Point differential is a tiebreaker used in FIBA competitions, including the Olympics, and basically it means the more you win by the better you’ll fare if a tiebreaker is necessary. It already has come into play at the Paris Games as far as which teams will make the quarterfinals, and the U.S. is mindful going into its group-stage finale against Puerto Rico on Saturday that a loss would hurt its seeding for the knockout round.
“In FIBA, point differential is a big thing,” U.S. guard Derrick White said Friday before the team practiced in Paris. “Even in the first two games, we were focusing on not taking the foot off the gas like you do in the NBA sometimes. It’s a little different than what we’re used to, but it’s all part of the tournament.”

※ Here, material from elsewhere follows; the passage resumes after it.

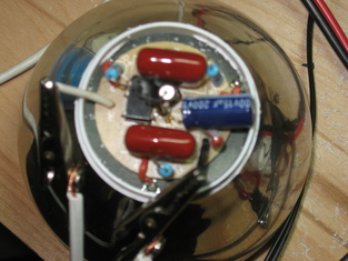 | Once I had the wires clipped, I could see the insides of the thing. Basicly, it's a small power supply. |
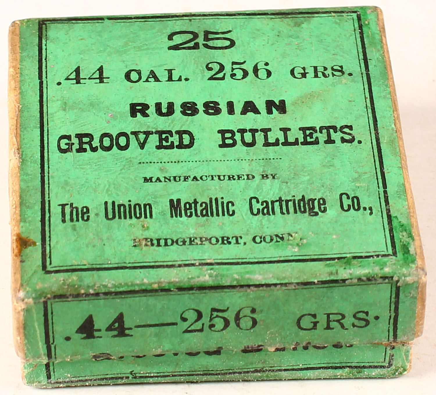 UMC, .44 Cal. 256 Grs. Russian, Grooved Bullets, Partial 23rds. 2pc. Buff box with green wraparound label, box is solid with excellent color, some age soiling, minor corner wear, edges are crisp, label is intact, bullets are very good. Grade: Excellent - Value: 10 to 50

The U.S. has outscored its first two opponents at the Olympics by 43 points — Serbia by 26, South Sudan by 17. A win on Saturday would finish off a 3-0 showing in group play and almost certainly would guarantee the Americans the No. 1 seed going into Tuesday’s quarterfinals.

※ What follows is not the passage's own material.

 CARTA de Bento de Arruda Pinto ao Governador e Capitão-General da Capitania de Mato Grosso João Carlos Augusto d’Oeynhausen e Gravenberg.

How much does that matter?
“A lot,” U.S. coach Steve Kerr said Friday. “We talked to them about it this morning. We showed the standings, we showed the point differential. We want the one seed. It gives you the best matchup in the quarterfinals.”
No matter what happens Saturday, the U.S. will play in the quarterfinals and Puerto Rico’s run at the Paris Games will end before the tournament actually shifts to Paris; games in the group phase have been held in Villeneuve-D’Ascq, about 2 1/2 hours by car or an hour by high-speed train north of the Olympic center.
But a win means the Americans almost certainly would face a team in the quarterfinals that went 1-2 in the group phase. A loss, and the U.S. would be 2-1 — and probably would see another 2-1 team in a win-or-go-home contest.
It’s something Olympic teams simply have to think about.
“We know how each game matters, how each minute matters with point differential,” France center Rudy Gobert said.
Kerr planned on going back to his Game 1 starting lineup — Curry, LeBron James, Devin Booker, Joel Embiid and Jrue Holiday — for the Puerto Rico game. Embiid and Holiday didn’t start Game 2 against South Sudan in favor of Anthony Davis and Jayson Tatum; Embiid didn’t play at all in that matchup.
But the plan may change yet again. Holiday rolled an ankle on Wednesday night and Kerr says he’s questionable for Saturday.
Kevin Durant has come off the bench in exactly three NBA games in his career. He’ll come off the bench for the third time this week for the Olympic team, assuming Kerr doesn’t change his mind about who to start.
Durant says he doesn’t mind, and figures he’ll be a reserve for the rest of the Olympics. But to him, it’s about who finishes the game or has the biggest impact, not who is out there for the first few minutes.
“We’re in a rhythm and a groove right now with it,” Durant said. “But like I’ve been saying, whatever coach needs me to do, I’m willing to do.”
Durant has 472 points in his Olympic career, the most in U.S. men’s history. He is 16 points away from tying Lisa Leslie for the most in U.S. Olympic basketball history.
Leslie is a four-time gold medalist. Durant is trying for his fourth gold as well.